- _WHAT TO DO_
Copy, word for word, the opening line of the data and each line after it until the line that contains "The Nabia Jilbab", which is included. Leave the pictures out.

- _SOURCE DATA_
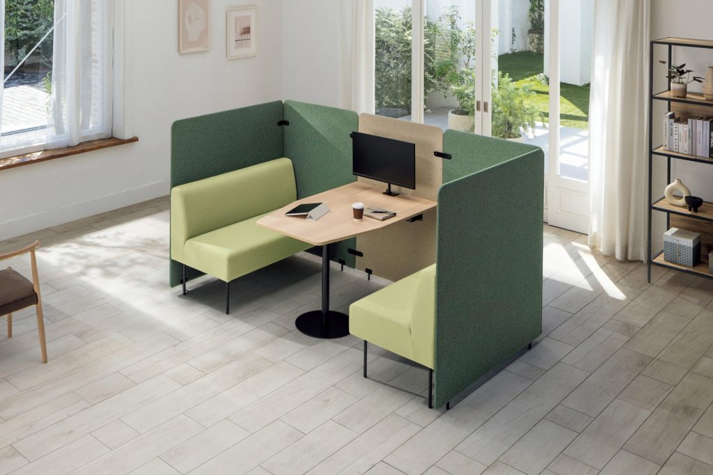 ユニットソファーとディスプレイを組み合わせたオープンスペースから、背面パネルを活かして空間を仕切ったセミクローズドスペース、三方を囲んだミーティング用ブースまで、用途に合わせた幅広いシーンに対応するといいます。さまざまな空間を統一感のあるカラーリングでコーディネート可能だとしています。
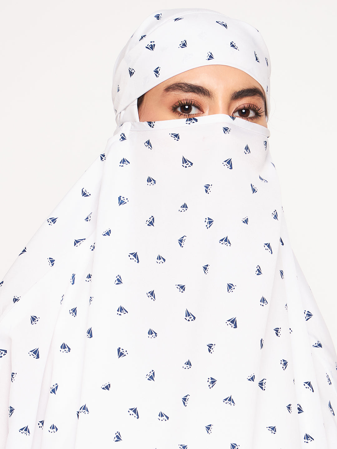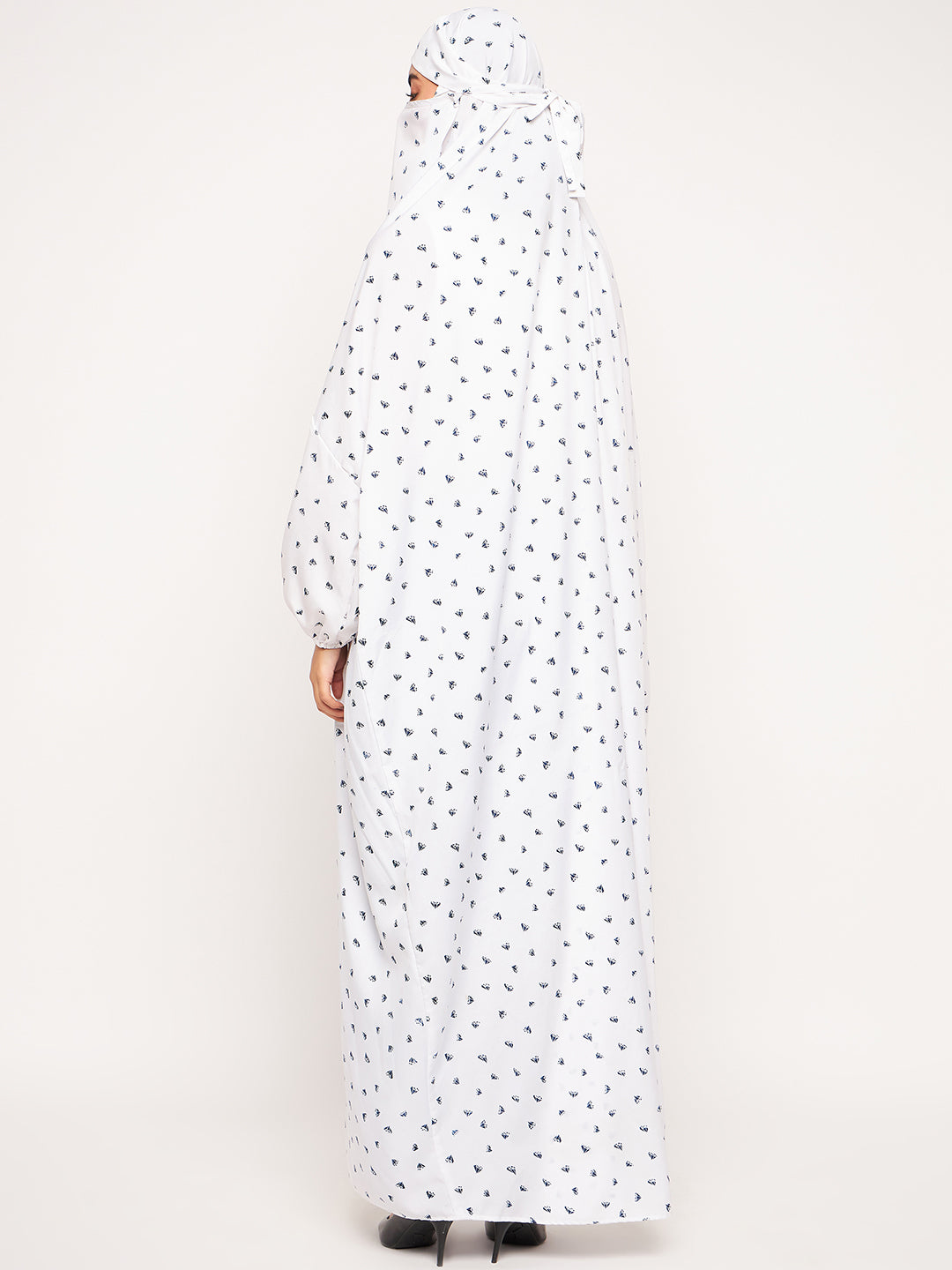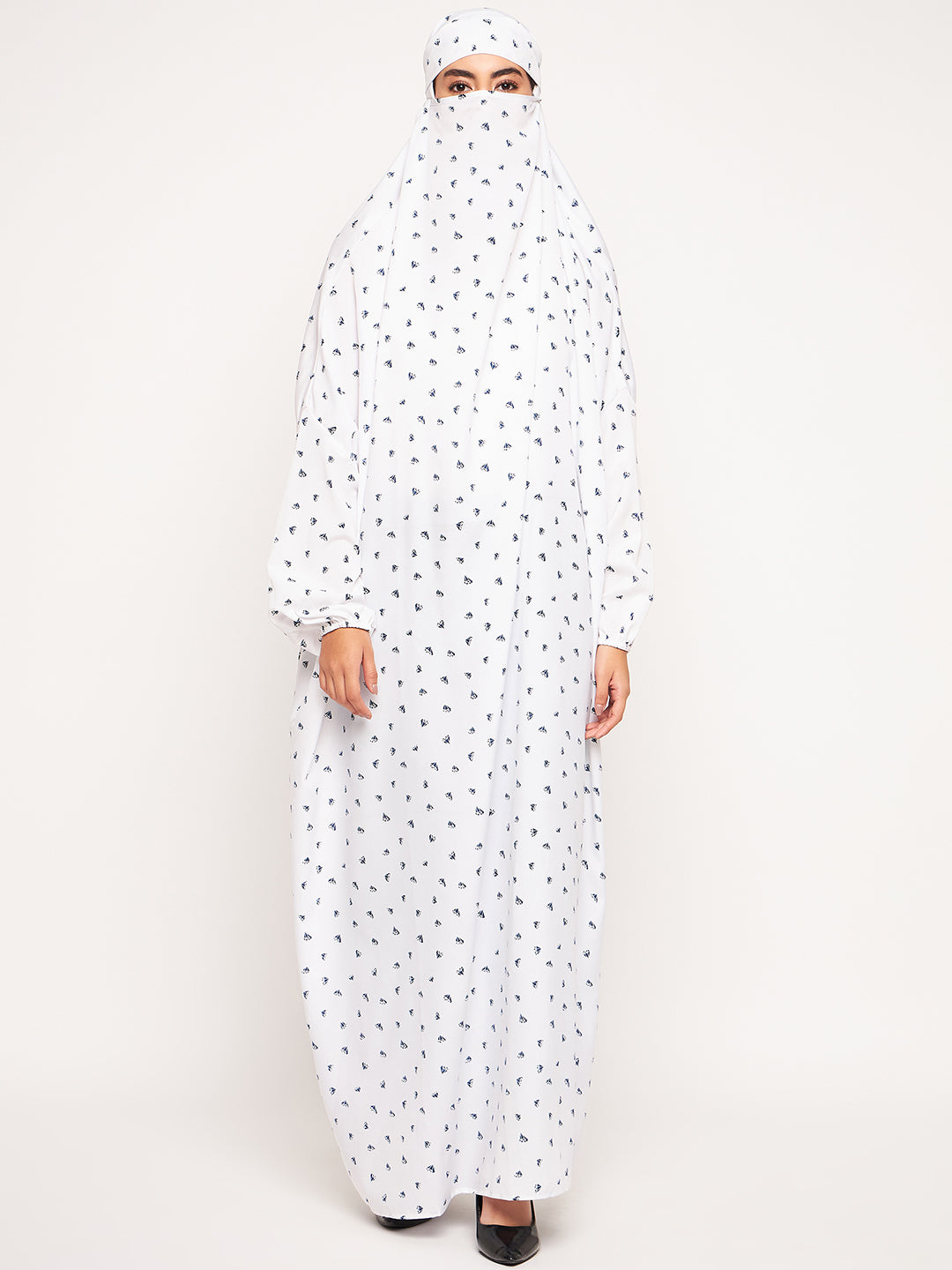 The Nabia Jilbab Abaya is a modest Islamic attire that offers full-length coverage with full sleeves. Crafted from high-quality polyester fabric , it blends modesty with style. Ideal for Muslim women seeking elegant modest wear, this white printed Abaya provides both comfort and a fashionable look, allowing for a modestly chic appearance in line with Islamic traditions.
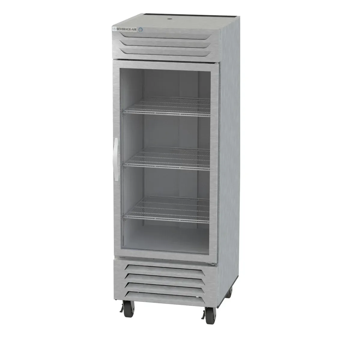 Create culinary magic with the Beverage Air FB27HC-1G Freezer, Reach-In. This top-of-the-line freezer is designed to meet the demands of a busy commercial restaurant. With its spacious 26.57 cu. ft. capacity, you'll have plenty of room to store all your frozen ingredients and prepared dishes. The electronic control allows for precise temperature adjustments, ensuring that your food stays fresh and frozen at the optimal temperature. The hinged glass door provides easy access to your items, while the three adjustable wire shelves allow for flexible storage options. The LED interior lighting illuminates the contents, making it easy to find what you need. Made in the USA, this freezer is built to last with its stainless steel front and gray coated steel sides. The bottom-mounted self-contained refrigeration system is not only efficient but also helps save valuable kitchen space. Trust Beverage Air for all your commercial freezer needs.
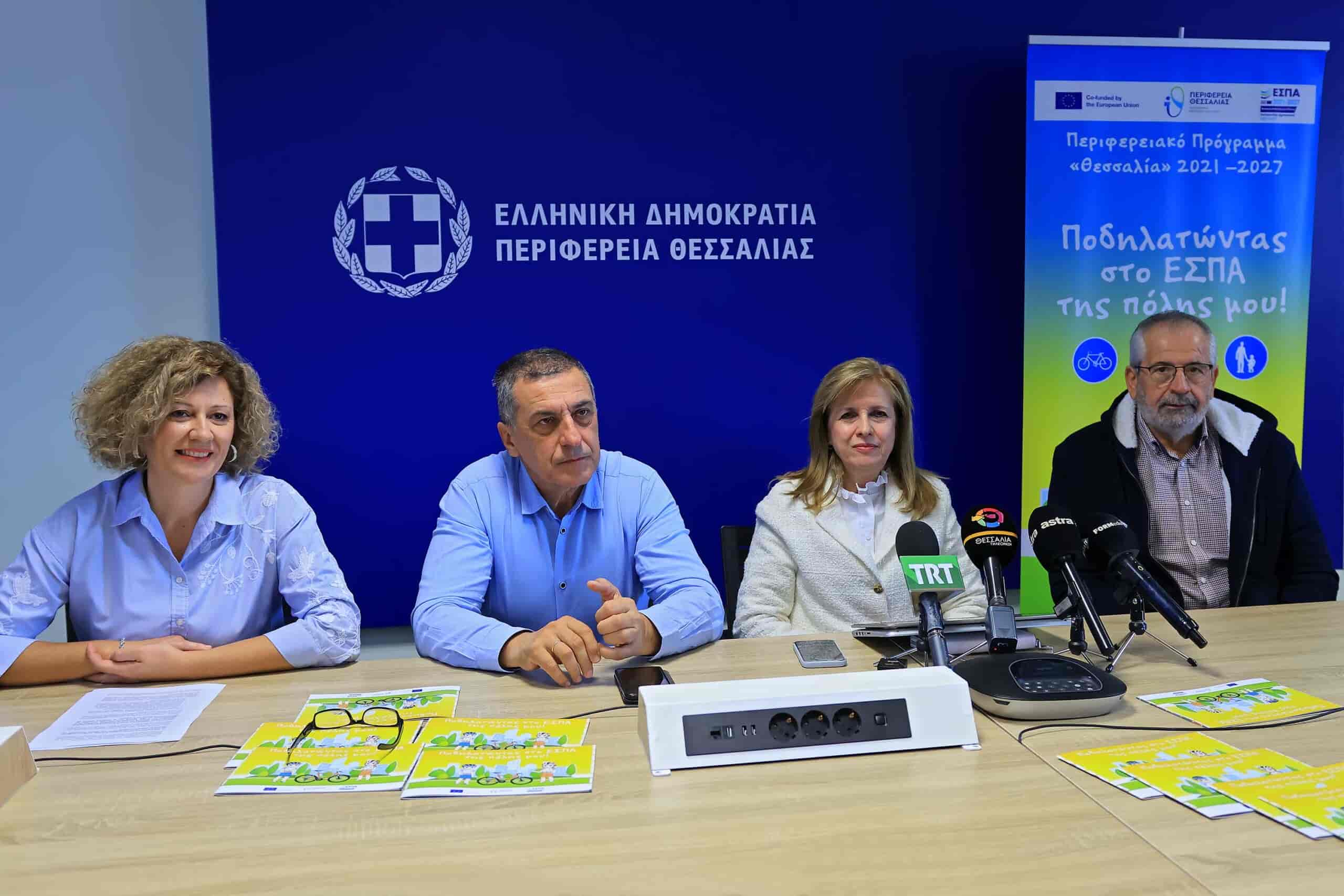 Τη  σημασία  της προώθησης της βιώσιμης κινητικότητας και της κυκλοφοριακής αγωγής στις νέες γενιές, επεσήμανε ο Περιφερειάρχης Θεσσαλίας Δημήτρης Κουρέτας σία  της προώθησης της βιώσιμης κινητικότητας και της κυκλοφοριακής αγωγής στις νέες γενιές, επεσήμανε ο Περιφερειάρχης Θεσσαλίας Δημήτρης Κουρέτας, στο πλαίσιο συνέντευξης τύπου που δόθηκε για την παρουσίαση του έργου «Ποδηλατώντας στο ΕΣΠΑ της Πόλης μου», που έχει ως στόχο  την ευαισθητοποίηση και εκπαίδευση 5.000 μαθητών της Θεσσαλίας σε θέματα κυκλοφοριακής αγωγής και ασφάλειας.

- _EXPECTED OUTPUT_
 ユニットソファーとディスプレイを組み合わせたオープンスペースから、背面パネルを活かして空間を仕切ったセミクローズドスペース、三方を囲んだミーティング用ブースまで、用途に合わせた幅広いシーンに対応するといいます。さまざまな空間を統一感のあるカラーリングでコーディネート可能だとしています。
 The Nabia Jilbab Abaya is a modest Islamic attire that offers full-length coverage with full sleeves. Crafted from high-quality polyester fabric , it blends modesty with style. Ideal for Muslim women seeking elegant modest wear, this white printed Abaya provides both comfort and a fashionable look, allowing for a modestly chic appearance in line with Islamic traditions.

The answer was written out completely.